More studies are needed, but the data obtained in this study are important for subsequent clinical studies of new treatment methods, based on various immunophenotypes of schizophrenia.
多项研究发现了精神分裂症临床病程中先天免疫和适应性免疫紊乱之间的关联。然而,免疫参数和全身炎症与疾病临床病程及其预后的关系仍知之甚少,这凸显了一个值得进一步研究的有趣课题。本研究的目的是研究临床持续性和发作性偏执型精神分裂症患者的免疫炎症变化,评估这些变化的发病学意义。
36例偏执型精神分裂症患者同意参与本研究,其中20例有发作性症状,16例有持续性症状,另有30名健康志愿者。在研究中,我们评估了先天免疫反应参数(关键促炎和抗炎细胞因子的血清水平、C反应蛋白)和适应性免疫反应,包括体液介导的免疫(血清免疫球蛋白IgA、IgM、IgG、循环免疫复合物)以及适应性免疫的细胞环节(关键淋巴细胞亚群)。用阳性和阴性症状量表评估阳性和阴性症状;用额叶评估量表(FAB)评估额叶功能障碍。

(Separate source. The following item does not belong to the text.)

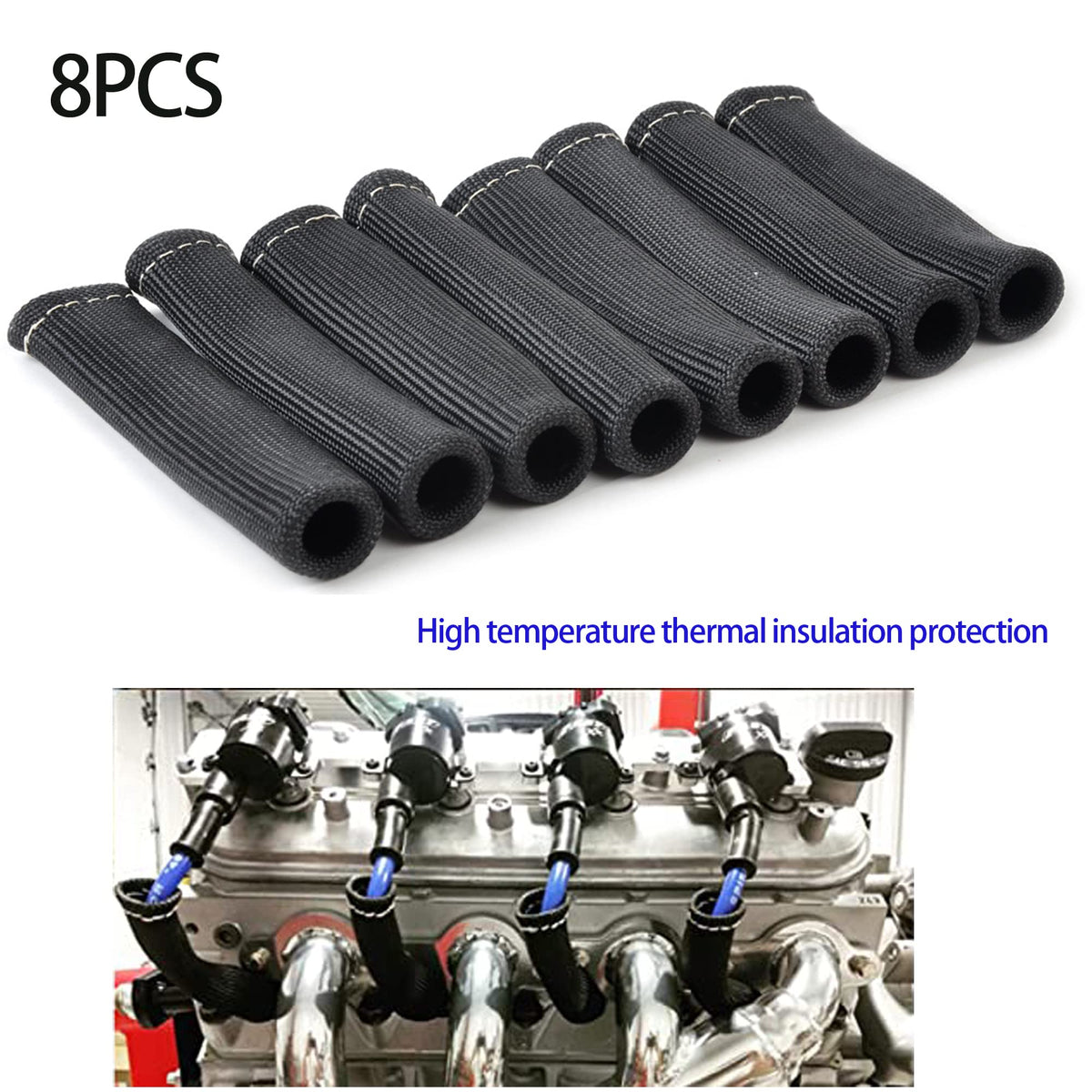 Spark Plug Wire Boots Thermal Protection Insulator Sleeve, 1200 Degree Heat Shield Cover Wrap 6 Inch For Car Truck 8Pcs(Black)

两组患者的C反应蛋白和IL-8水平均高于正常。与发作性症状患者和健康对照相比,持续性精神分裂症症状患者的循环免疫复合物显著升高。临床组之间CD^4^5^+^CD^3^+^淋巴细胞(T细胞)水平不同,发作性症状患者的值较高,持续性症状患者的值较低。此外,发作性症状患者的CD^4^5^+^CD^3^+^CD^4^+^CD^2^5^+^CD^1^2^7^-^调节性T细胞水平显著升高。最后,持续性症状患者的CD^4^5^+^CD^3^-^CD^1^9^+^B细胞水平显著高于发作性症状患者和对照组。体液免疫激活标志物与这些患者额叶障碍的严重程度相关。
与发作性精神分裂症患者相比,关于持续性精神分裂症患者血清细胞因子水平和适应性免疫参数的综合数据在文献中几乎没有。我们已经表明,在持续性精神分裂症患者中,存在全身炎症和适应性体液免疫反应慢性激活的迹象,而在疾病发作性症状患者中,存在全身炎症和细胞介导免疫的某些激活迹象,适应性免疫的体液环节没有显著变化。
需要更多的研究,但本研究获得的数据对于基于精神分裂症各种免疫表型的新治疗方法的后续临床研究很重要。